Il le fit reposer; et après l'avoir bien régalé, il lui demanda en particulier ce qui l'amenait à Valence, et s'il se proposait d'y faire un long séjour. J'y serai le moins de temps qu'il me sera possible, lui répondit le Tolédan : j'y passe seulement pour aller gagner la mer, et m'embarquer dans le premier vaisseau qui s'éloignera des côtes d'Espagne; car je me mets peu en peine dans quel lieu du monde j'achèverai le cours d'une vie infortunée, pourvu que ce soit loin de ces funestes climats.

Que dites-vous? répliqua don Fadrique avec surprise : qui peut vous révolter contre votre patrie, et vous faire haïr ce que tous les hommes aiment naturellement? Après ce qui m'est arrivé, repartit le Tolédan, mon pays m'est odieux, et je n'aspire qu'à le quitter pour jamais. Ah! seigneur cavalier, s'écria Mendoce attendri de compassion, que j'ai d'impatience de connaître vos malheurs! si je ne puis soulager vos peines, je suis du moins disposé à les partager. Votre physionomie m'a d'abord prévenu pour vous, vos manières me charment, et je sens que je m'intéresse déjà vivement à votre sort.

C'est la plus grande consolation que je puisse recevoir, seigneur don Fadrique, répondit le Tolédan; et pour reconnaître en quelque sorte les bontés que vous me témoignez, je vous dirai aussi qu'en vous voyant tantôt avec don Alvaro Ponce, j'ai penché de votre côté. Un mouvement d'inclination, que je n'ai jamais senti à la première vue de personne, me fit craindre que dona Theodora ne vous préférât votre rival; et j'eus de la joie lorsqu'elle se fut déterminée en votre faveur. Vous avez, depuis, si bien fortifié cette première impression, qu'au lieu de vouloir vous ca

cher mes ennuis, je cherche à m'épancher, et trouve une douceur secrète à vous découvrir mon âme : apprenez donc mes malheurs.

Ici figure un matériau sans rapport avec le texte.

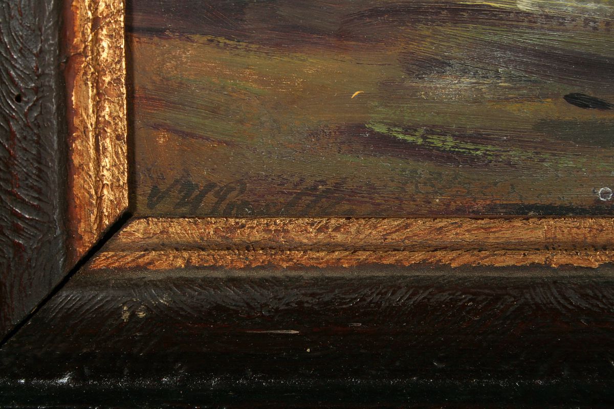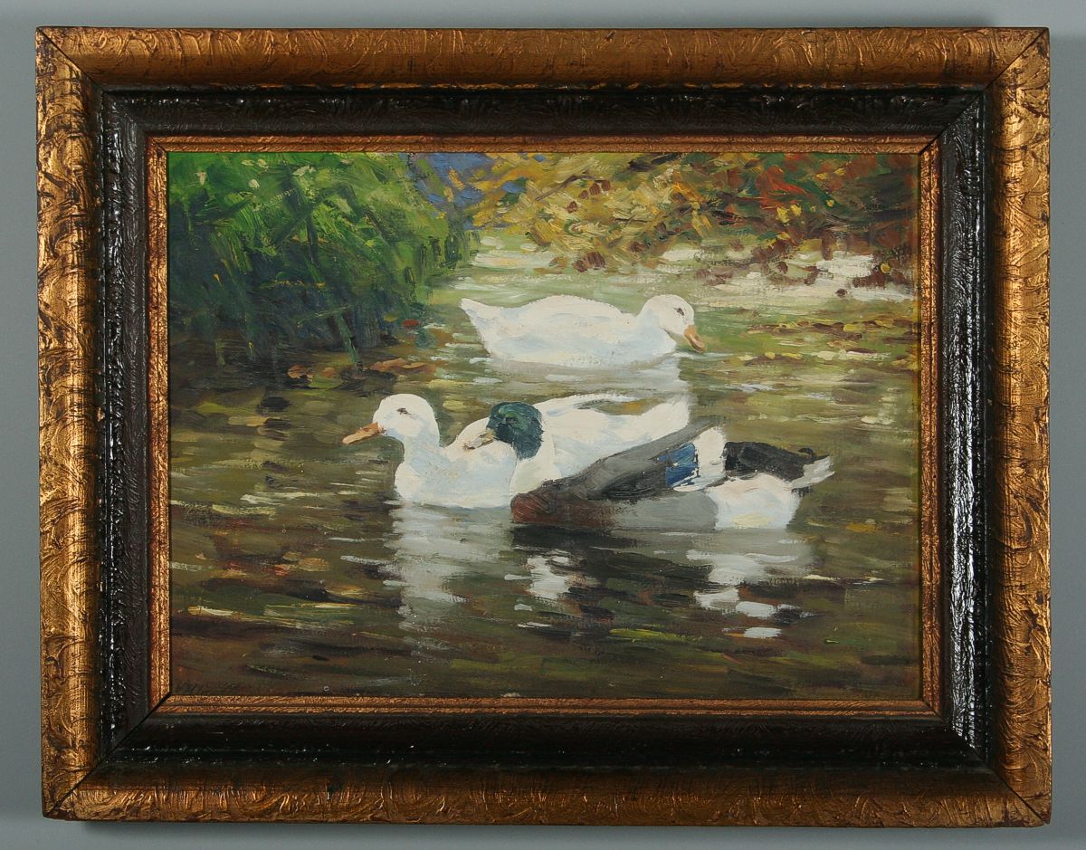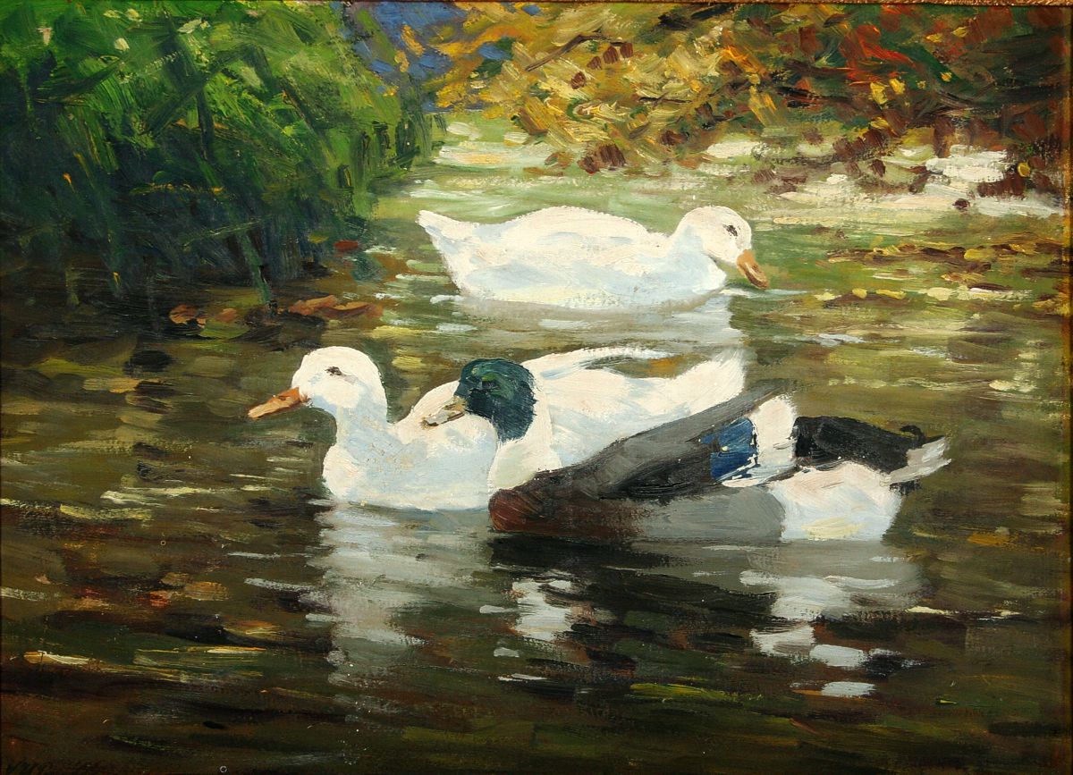 obraz plovoucích kačen na rybníce, olej na kartonu, 37 x 51 cm s rámem 53 x 67 cm, autor Vojtěch Hynek Popelka, podepsáno vlevo dole V. H. Popelka, rámováno v původním rámu

Tolède m'a vu naître, et don Juan de Zarate est mon nom. J'ai perdu, presque dès mon enfance, ceux qui m'ont donné le jour; de manière que je commençai de bonne heure à jouir de quatre mille ducats de rente qu'ils m'ont laissés. Comme je pouvais disposer de ma main, et que je me croyais assez riche pour ne devoir consulter que mon cœur dans le choix que je ferais d'une femme, j'épousai une fille d'une beauté parfaite, sans m'arrêter au peu de bien qu'elle avait, ni à l'inégalité de nos conditions : j'étais charmé de mon bonheur; et pour mieux goûter le plaisir de posséder une personne que j'aimais, je la menai, peu de jours après mon mariage, à une terre que j'ai à quelques lieues de Tolède.

Nous y vivions tous deux dans une union charmante, lorsque le duc de Naxera, dont le château est dans le voisinage de ma terre, vint, un jour qu'il chassait, se rafraî chir chez moi. Il vit ma femme, et en devint amoureux : je le crus du moins; et ce qui acheva de me le persuader, c'est qu'il rechercha bientôt mon amitié avec empressement, ce qu'il avait jusque-là fort négligé : il me mit de ses parties de chasse, me fit force présents, et encore plus d'offres de services.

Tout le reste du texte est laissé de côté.